Work task — Omit every picture. Return all other data as it stands.

··· Data extract

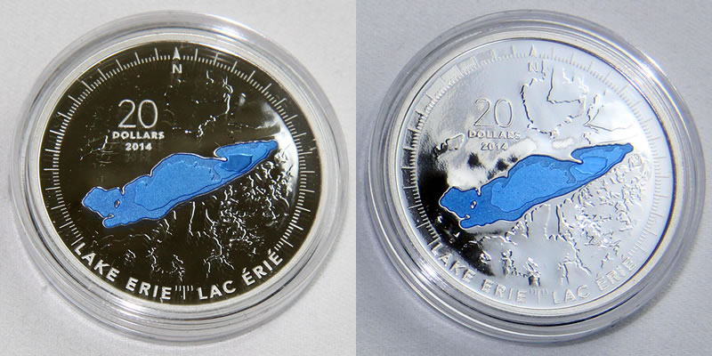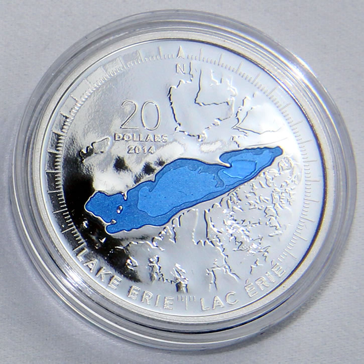 Contrasting against the bathymetry map of the lake is the coin’s raised elements representing the surrounding land area. Translucent blue colored enamel draws attention to the water and its depth. Inscriptions around the scene include 2014, the legal tender face value of 20 DOLLARS, LAKE ERIE and the French name of the lake, LAC ERIE.
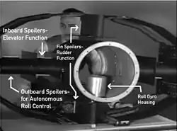 The Fritz X possessed a spoiler-based control setup on its tail fin unit, using three sets of aerodynamic control spoiler systems, with two of them giving control in the pitch and yaw axes, differentially operating and constantly oscillating rapidly under direct control from the Kehl-Straßburg radio control link. The roll control setup, operating autonomously and not under control from the deploying aircraft, oscillated similarly to those under the externally controlled sets, and were on the outboard sections of the horizontal tailfin surfaces within the annular set of outer tailfin surfaces. These were like the American Azon ordnance's aileron control surfaces in their purpose, commanded by an internal gyroscope in the tail's central housing in both the Azon and Fritz X, to keep the ordnance level during its trajectory. The inboard set of spoiler surfaces in the tailfin's horizontal surfaces, which used a set of wing fence-like flat surfaces for airflow separation from the autonomous roll control spoilers, controlled the pitch angle after release and were controlled by the radio control link, giving the Fritz X's bombardier in the deploying aircraft the ability to control the range of the drop, a capability that the Azon did not have. The yaw control spoilers housed in the vertical tail fin surfaces were also under control through the radio link, and had similar "fence" surfaces to guide airflow over them. All three spoiler surface sets barely protruded from the surface during operation, with the pair of spoiler systems under external control having a degree of "proportionality" in their operation by varying the "dwell time" spent on one side or the other during their rapid rate of oscillation from side to side when a control input was sent to them.[7]
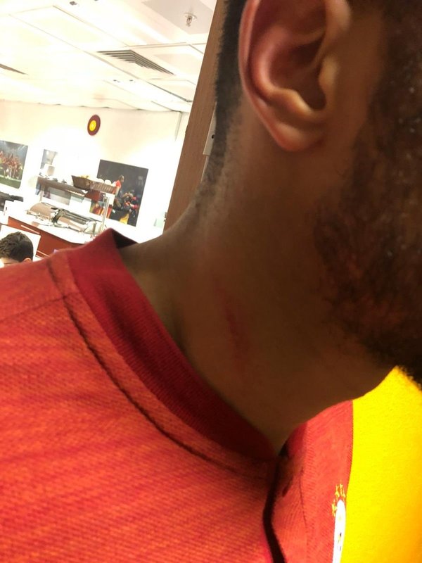 Galatasaray'ın paylaşımında, Garry Rodrigues'in yaralanmış bacağı ve Belhanda'nın boynunda oluşan kızarıklık fotoğraflarla gösterildi.
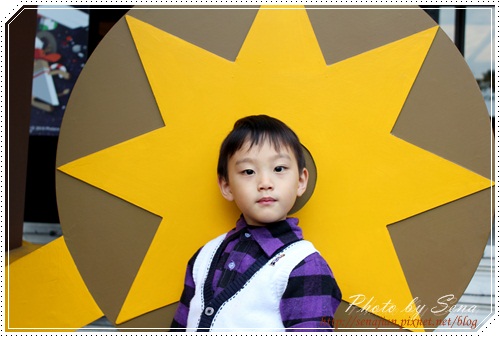 人如果再靠右一點,就好像一朵太陽花了,可惜軒不太配合,頭一直黏著不肯動,勉強當個小星星好了!

······

Expected answer —
 Contrasting against the bathymetry map of the lake is the coin’s raised elements representing the surrounding land area. Translucent blue colored enamel draws attention to the water and its depth. Inscriptions around the scene include 2014, the legal tender face value of 20 DOLLARS, LAKE ERIE and the French name of the lake, LAC ERIE.
 The Fritz X possessed a spoiler-based control setup on its tail fin unit, using three sets of aerodynamic control spoiler systems, with two of them giving control in the pitch and yaw axes, differentially operating and constantly oscillating rapidly under direct control from the Kehl-Straßburg radio control link. The roll control setup, operating autonomously and not under control from the deploying aircraft, oscillated similarly to those under the externally controlled sets, and were on the outboard sections of the horizontal tailfin surfaces within the annular set of outer tailfin surfaces. These were like the American Azon ordnance's aileron control surfaces in their purpose, commanded by an internal gyroscope in the tail's central housing in both the Azon and Fritz X, to keep the ordnance level during its trajectory. The inboard set of spoiler surfaces in the tailfin's horizontal surfaces, which used a set of wing fence-like flat surfaces for airflow separation from the autonomous roll control spoilers, controlled the pitch angle after release and were controlled by the radio control link, giving the Fritz X's bombardier in the deploying aircraft the ability to control the range of the drop, a capability that the Azon did not have. The yaw control spoilers housed in the vertical tail fin surfaces were also under control through the radio link, and had similar "fence" surfaces to guide airflow over them. All three spoiler surface sets barely protruded from the surface during operation, with the pair of spoiler systems under external control having a degree of "proportionality" in their operation by varying the "dwell time" spent on one side or the other during their rapid rate of oscillation from side to side when a control input was sent to them.[7]
 Galatasaray'ın paylaşımında, Garry Rodrigues'in yaralanmış bacağı ve Belhanda'nın boynunda oluşan kızarıklık fotoğraflarla gösterildi.
 人如果再靠右一點,就好像一朵太陽花了,可惜軒不太配合,頭一直黏著不肯動,勉強當個小星星好了!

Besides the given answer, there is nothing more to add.